*** ENTRIES PROVIDED ***

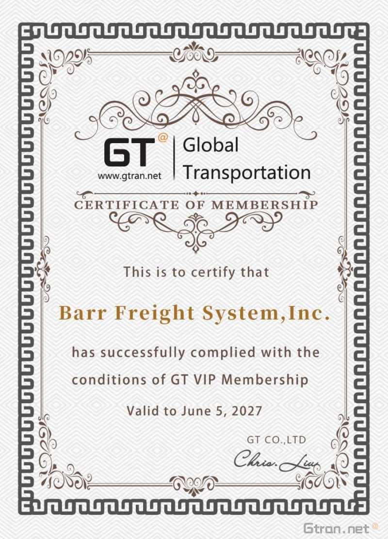 We are here to announce that Barr Freight System, Inc. joins as a GT VIP member in the USA.
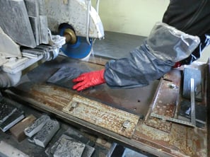 選別された良質の原石を、製品の大きさ・厚さ・形を考えて切断します。
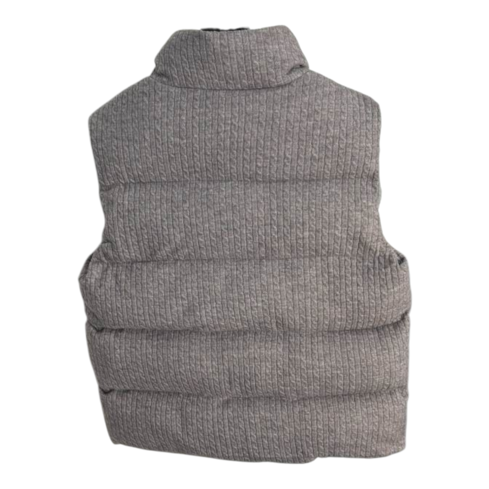 Gewatteerde Bodywarmer (Vest): Een mouwloos, gevoerd gilet met een opstaande colkraag en een geribbelde, doorgestikte textuur (vaak aangeduid als 'Quilted'). De bodywarmer heeft een volledige ritssluiting en het Polo Pony-logo is duidelijk zichtbaar. Dit is een apart statement piece.
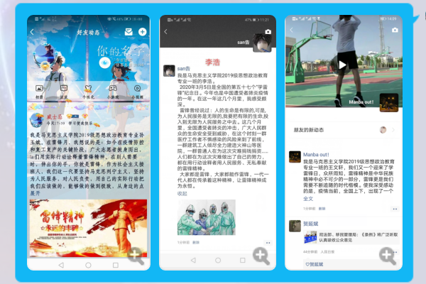孟涵乐同学在空间动态中说:“雷锋精神,是以雷锋的名字命名,是在实践中不断丰富和发展着的革命精神。其实质和核心是全心全意为人民服务,为人民的事业无私奉献,它已经成为我们这个时代精神文明的同义语、先进文化的表征。”这是同学们对于雷锋精神内涵的理解。吴君婷同学在文章中说:“面对疫情,主动投身抗疫一线的志愿者们,作为新时代雷锋精神的传承者,他们用自己的实际行动书写着这场战斗中的志愿力量,用心演绎着新时代最好的文明实践。广大医护人员冲锋在一线,发扬雷锋精神,用信仰照亮战‘疫’前行路,用行动凝聚起战‘疫’中的磅礴力量。”这是同学们抗疫阶段对雷锋精神最好的诠释。
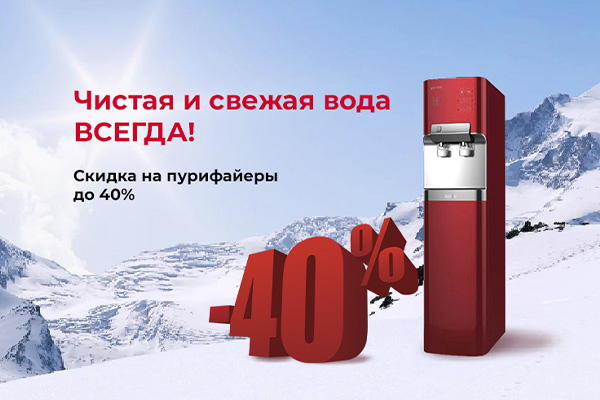 Не упустите шанс приобрести пурифайеры с выгодой до 40%! Обеспечьте себя и своих близких чистой и свежей водой.
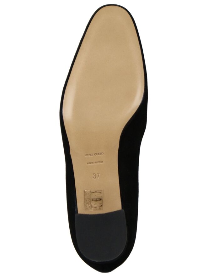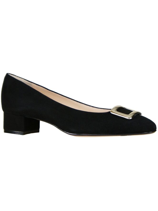 Schwarzer Pumps der Designerschuhmarke Even & Odd. Der vorn abgerundete Pumps ist mit einer silberfarbenen, eckigen Schnalle verziert. Der Absatz ist mit demselben Wildleder bestückt wie der Pumps. Der Pumps hat ein Innenfutter aus Leder.
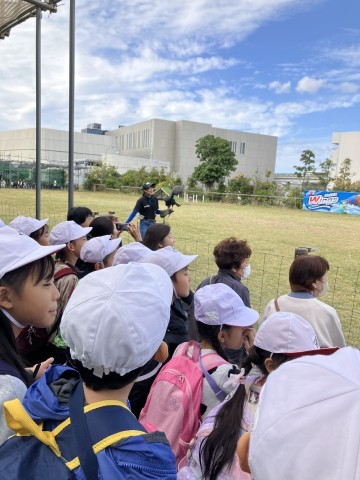飼育員さんの笛の合図で、飛んできます。夜のタカは、静かに飛びます。
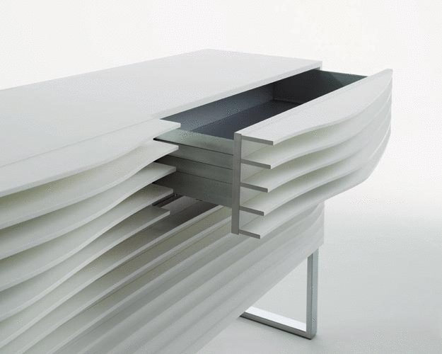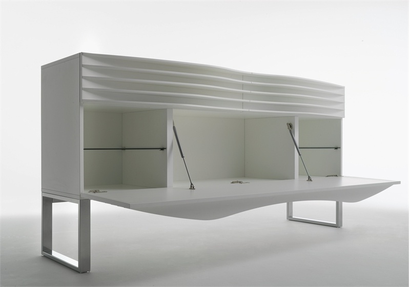 A chest of drawers from Italian manufacturer Horm. The model includes several drawers and swing-out door. The legs are made from chromed metal. The surface is treated with glossy varnish. Color options - white, red, black, silver, mocha, gold and green. The originality of the design gives a wavy facade. Made a chest of drawers in a modern style.
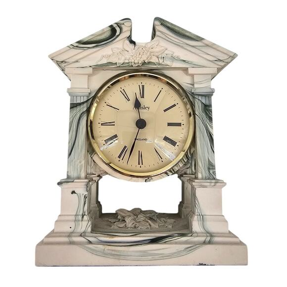 Large Aynsley Est 1775 Portlandware Green And Cream Marble Effect Mantel Clock
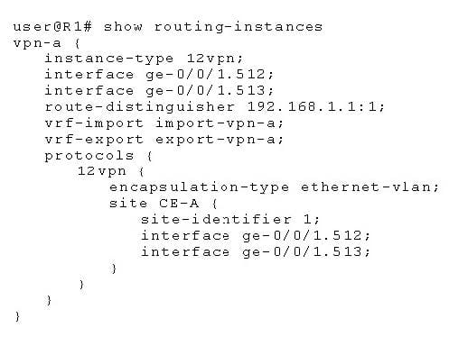You have configured a BGP-signaled Layer 2 VPN with the configuration shown in the exhibit. Which two statements are true in this situation? (Choose two.)
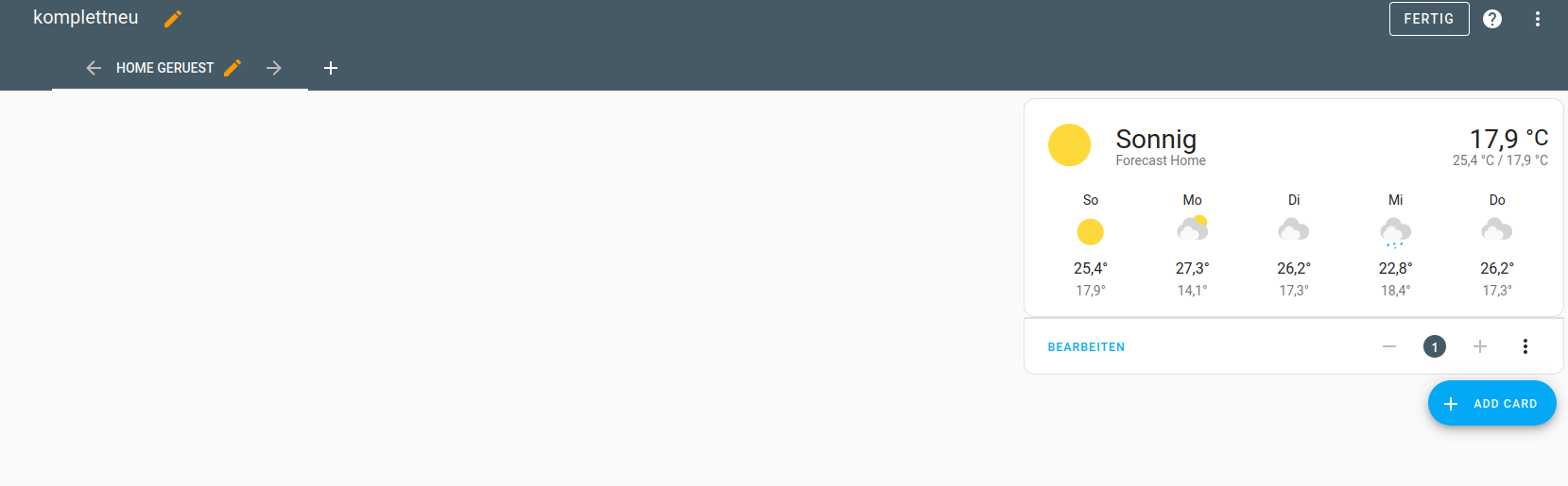 | https://github.com/marcokreeft87/room-card/ entwicklung eingestellt wurde geforkt vom Eintrag drunter | room-card | Eine Karte mit der Sich räume mit einem Oberbegriff Icon ausstatten lässt, was dann eine Gruppe an/ausschalten kann. Dann eine Info Symbolzeile hat und dann noch eine Geräte Liste beinhalten kann. |
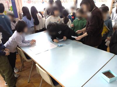 本日の中休み、図書委員会が企画したイベントが図書室にて開催され、1年生から6年生までたくさんの参加者が集まりました。
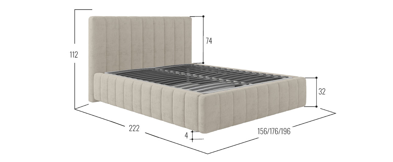 Кровать с подъемным механизмом Аметис ПМ Кремовый, велюр 160х200 см
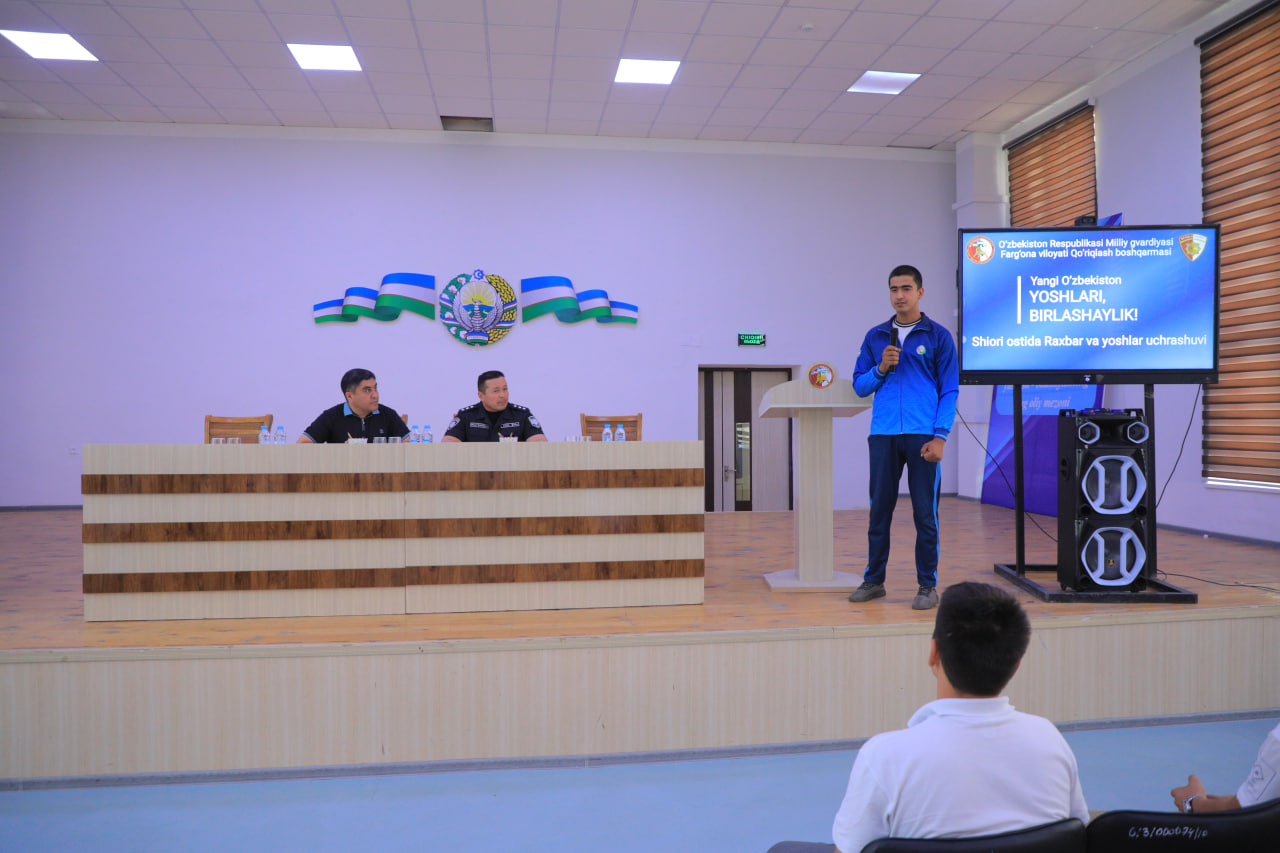 МИЛЛИЙ ГВАРДИЯ ФАРҒОНА ВИЛОЯТИ "ҚЎРИҚЛАШ" БОШҚАРМАСИ БОШЛИҒИ ЁШЛАР БИЛАН УЧРАШДИ
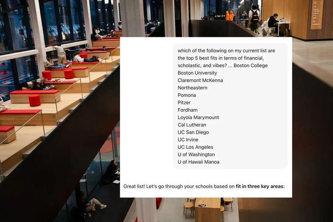 根据咨询机构Ruffalo Noel Levitz 2024年的调查,三分之一的高中生在使用AI规划大学申请。他们让AI拉出一长串学校清单,并把学费、奖学金和录取率整理成表格来进行初筛,但他们不会完全依赖AI做决定。
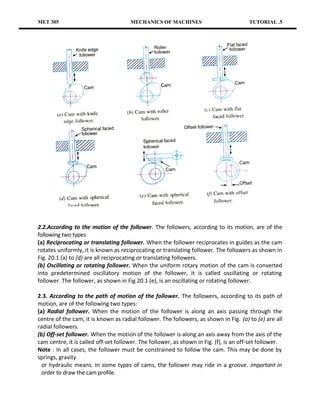 This document discusses different types of cams and cam mechanisms. It describes various types of followers based on their contacting surface, motion, and path of motion. It also defines important cam terminology used to describe cam profiles such as base circle, trace point, pressure angle, pitch point, pitch circle, and lift. The document provides examples of cam profiles that produce uniform velocity, simple harmonic, uniform acceleration/retardation, and cycloidal motions in the follower. It includes example problems of constructing cam profiles for different follower motions and specifications.
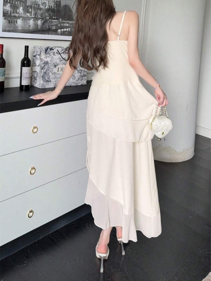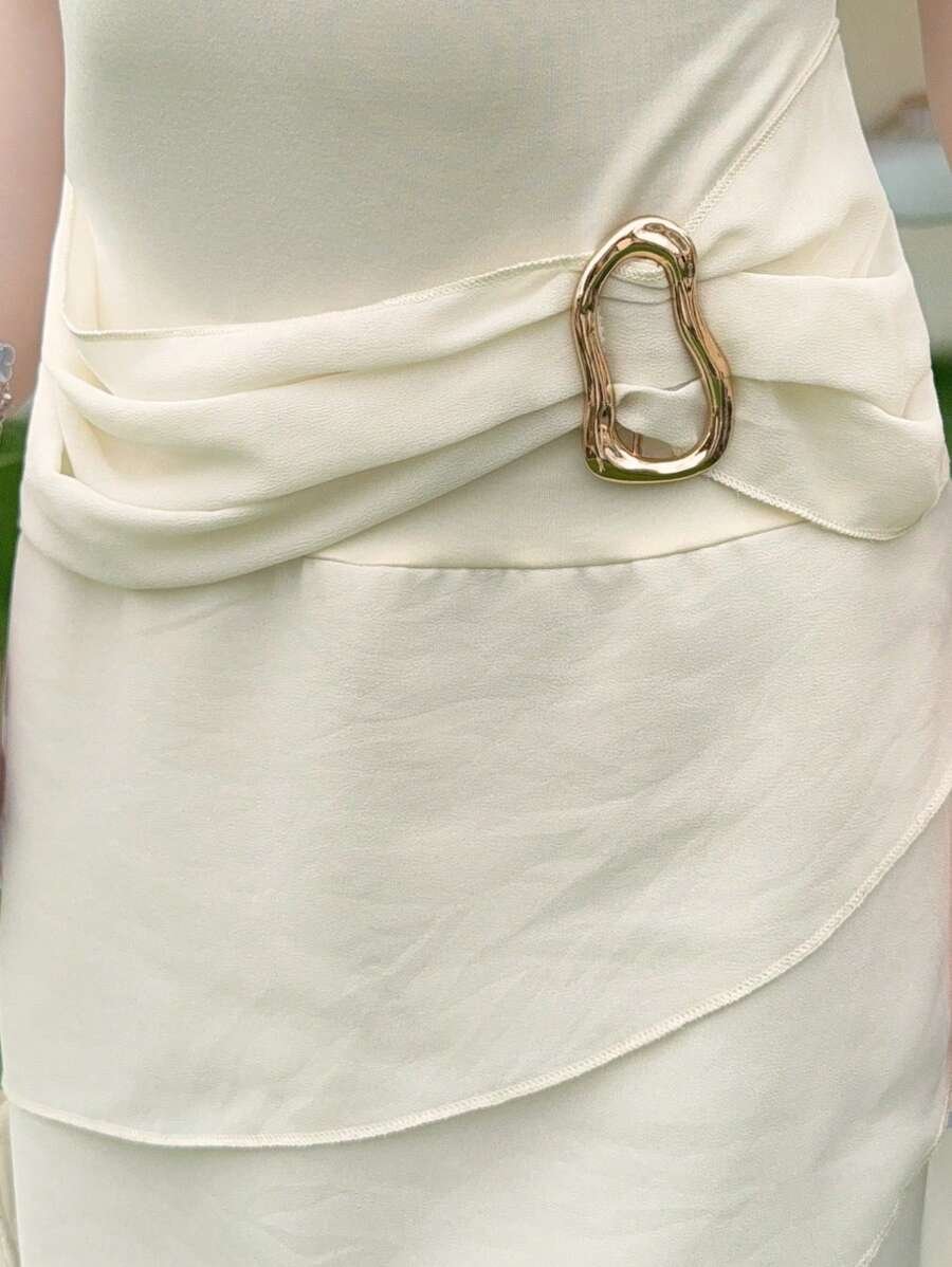 Vestido largo de satén con cuello drapeado y detalle de volantes

*** End of ENTRIES PROVIDED ***

• ACTIVITY:
With pictures omitted, restate word for word every line above from the one containing "根据咨询机构Ruffalo Noel Levitz" to the end of the entries.

• ANSWER SECTION:
 根据咨询机构Ruffalo Noel Levitz 2024年的调查,三分之一的高中生在使用AI规划大学申请。他们让AI拉出一长串学校清单,并把学费、奖学金和录取率整理成表格来进行初筛,但他们不会完全依赖AI做决定。
 This document discusses different types of cams and cam mechanisms. It describes various types of followers based on their contacting surface, motion, and path of motion. It also defines important cam terminology used to describe cam profiles such as base circle, trace point, pressure angle, pitch point, pitch circle, and lift. The document provides examples of cam profiles that produce uniform velocity, simple harmonic, uniform acceleration/retardation, and cycloidal motions in the follower. It includes example problems of constructing cam profiles for different follower motions and specifications.
 Vestido largo de satén con cuello drapeado y detalle de volantes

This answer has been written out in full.